Para provar que foi isso o que ocorreu na Porto Forte, Machado levantou R$ 250 mil junto a 97 investidores lesados para pagar uma auditoria nas contas da factoring e contratar o advogado Ricardo Salles, que deu início a uma investigação em setembro de 2012. O inquérito criminal 1071, que correu no 15º Distrito Policial de São Paulo, no Itaim Bibi, já terminou e está prestes a ser enviado ao Ministério Público. “Se o juiz considerar que Camargo cometeu os crimes, o processo seguirá para julgamento”, diz Marco Aurélio Flóridi Batista, delegado titular.

Caso contrário, ele será arquivado ou pode voltar para a delegacia para ser complementado. “Ele não pode ficar impune”, diz Salles. Como funcionava o esquema? Os investidores compravam ações preferenciais da factoring, que pagavam um dividendo fixo mensal de 190% do CDI, transformando as ações em uma aplicação de renda fixa. A rentabilidade alta e garantida atraiu uma multidão de interessados. Com passagem de quatro anos pelo departamento financeiro da multinacional Procter & Gamble, Guilherme Camargo seduziu jovens funcionários de bancos de investimentos como Merrill Lynch, Citibank e Goldman Sachs, que garantiram a propaganda boca a boca.

“Eles prometiam um retorno acima do que era encontrado no mercado, e o fato de conhecer os fundadores gerava confiança para investir”, diz a engenheira Daniela Fassal, que conheceu Camargo nos tempos de P&G e perdeu uma cifra não revelada no esquema. Ela diz que seu prejuízo teria sido muito maior se não tivesse resgatado parte do dinheiro, entre 2008 e 2009. O suposto esquema chegou às manchetes por ter envolvido José Roberto Ermírio de Moraes Filho, um dos herdeiros do Grupo Votorantim, que investiu R$ 1 milhão na Porto. Procurado, Moraes não retornou o contato. “Muitas pessoas do mercado financeiro foram convidadas a se tornarem sócias e terem um cargo bacana na Porto Forte, e só depois viram onde estavam metidas”, diz o analista de sistemas Rodrigo Denser, que investiu R$ 160 mil.

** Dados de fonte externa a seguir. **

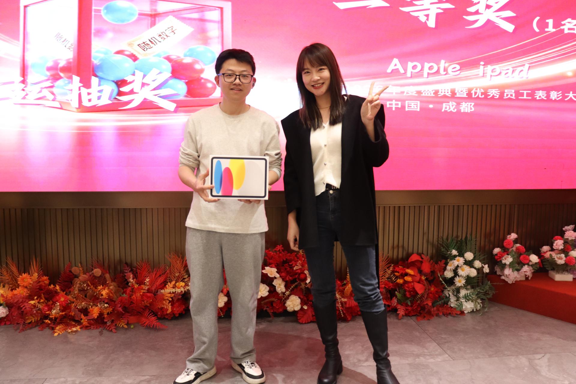 一等奖(1名):苹果平板电脑。当最终大奖揭晓时,全场欢呼声达到顶点。大家纷纷鼓掌恭喜获奖同事

Ele percebeu que as coisas não iam bem quando ouviu de um amigo que estava difícil resgatar as aplicações e tentou, sem sucesso, reaver seu próprio investimento. Em 2011, quando a factoring foi desmontada, Denser participou de uma Assembleia Geral com os diretores e dezenas de investidores enfurecidos. “Foi horrível, a auditoria mostrou que Camargo tinha poder sobre a conta corrente e sobre a contabilidade”, diz. Mesmo dando início ao processo, Machado reconhece que os lesados têm sua parcela de responsabilidade. “O grande erro, meu e de outros investidores, foi ter baseado nossos aportes na confiança e não realizar uma diligência rigorosa”, diz Machado. Há vários indícios contra Camargo, que os investidores tentam provar para incluí-los na acusação.

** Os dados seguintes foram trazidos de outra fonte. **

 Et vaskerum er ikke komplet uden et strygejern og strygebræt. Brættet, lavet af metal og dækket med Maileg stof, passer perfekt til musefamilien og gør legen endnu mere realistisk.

Um deles é a suspeita de que empresas de parentes de Camargo, como a Santa Marina Agropecuária, tomaram empréstimos da factoring e jamais pagaram as dívidas. A Comissão de Valores Mobiliários (CVM) também apura se a Porto Forte cometeu irregularidades na gestão de um Fundo de Investimento em Direitos Creditórios (FIDC). Em 2011, o investidor Tiago Serrano acusou a empresa de contabilizar ativos inexistentes nos livros do fundo, o que lhe causou um prejuízo de R$ 90 mil. Ouvido pela CVM, Camargo afirmou que a Porto Forte apenas analisava a qualidade dos créditos que seriam adquiridos pelo fundo.

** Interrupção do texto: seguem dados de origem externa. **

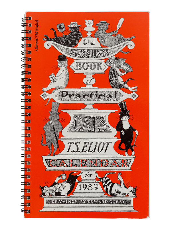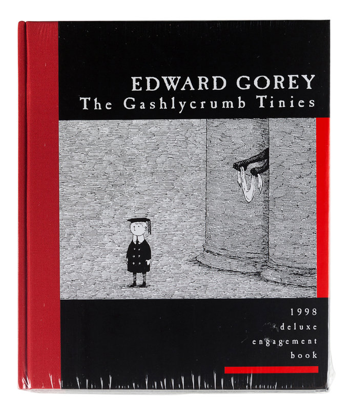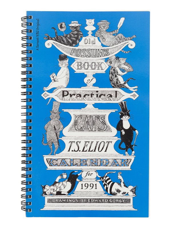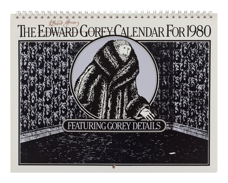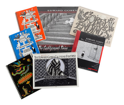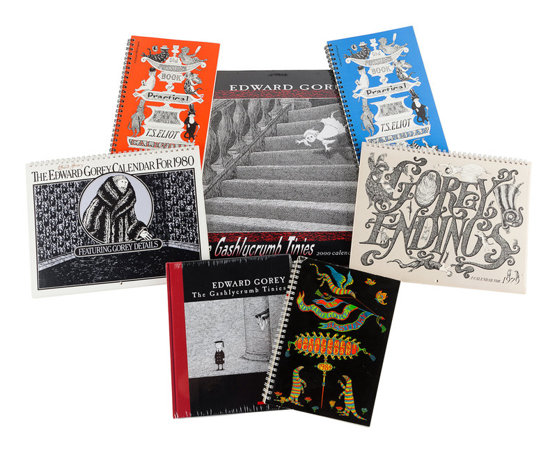 Gorey Endings, 1979. Spiral bound wall calendar. -- The Edward Gorey Calendar for 1980. Spiral bound wall calendar, with original printed envelope. SIGNED BY GOREY on the cover. -- An Edward Gorey Bestiary, 1984. Spiral bound engagement calendar. SIGNED BY GOREY on the title-page. -- The Old Possum's Book of Practical Cats T. S. Eliot Calendar for 1989. Spiral-bound engagement book. SIGNED BY GOREY on the title-page. -- The Old Possum's Book of Practical Cats T. S. Eliot Calendar for 1991. Spiral-bound engagement book. SIGNED BY GOREY on the title-page. -- The Gashlycrumb Tinies, 1998. Deluxe engagement book. As new in original shrinkwrap. -- The Gashlycrumb Tinies, 2000. Wall calendar. As new in original shrinkwrap. -- Together, 7 calendars, all in fine unused condition, most SIGNED BY GOREY.

Consultada, a CVM informou que o processo continua em andamento. As atividades da Porto Forte foram encerradas em 2012, mas Camargo não desapareceu do mercado. Ele faz parte do conselho de administração da gestora de fundos de private equity RJCP Equity, listada na BM&FBovespa. Seu nome também surge como sócio da gestora Newbury Capital, que não é registrada na Anbima nem na CVM, e que localiza-se em um prédio residencial onde Camargo morou há um ano. O economista e a RJCP Equity foram procurados, mas não retornaram os contatos.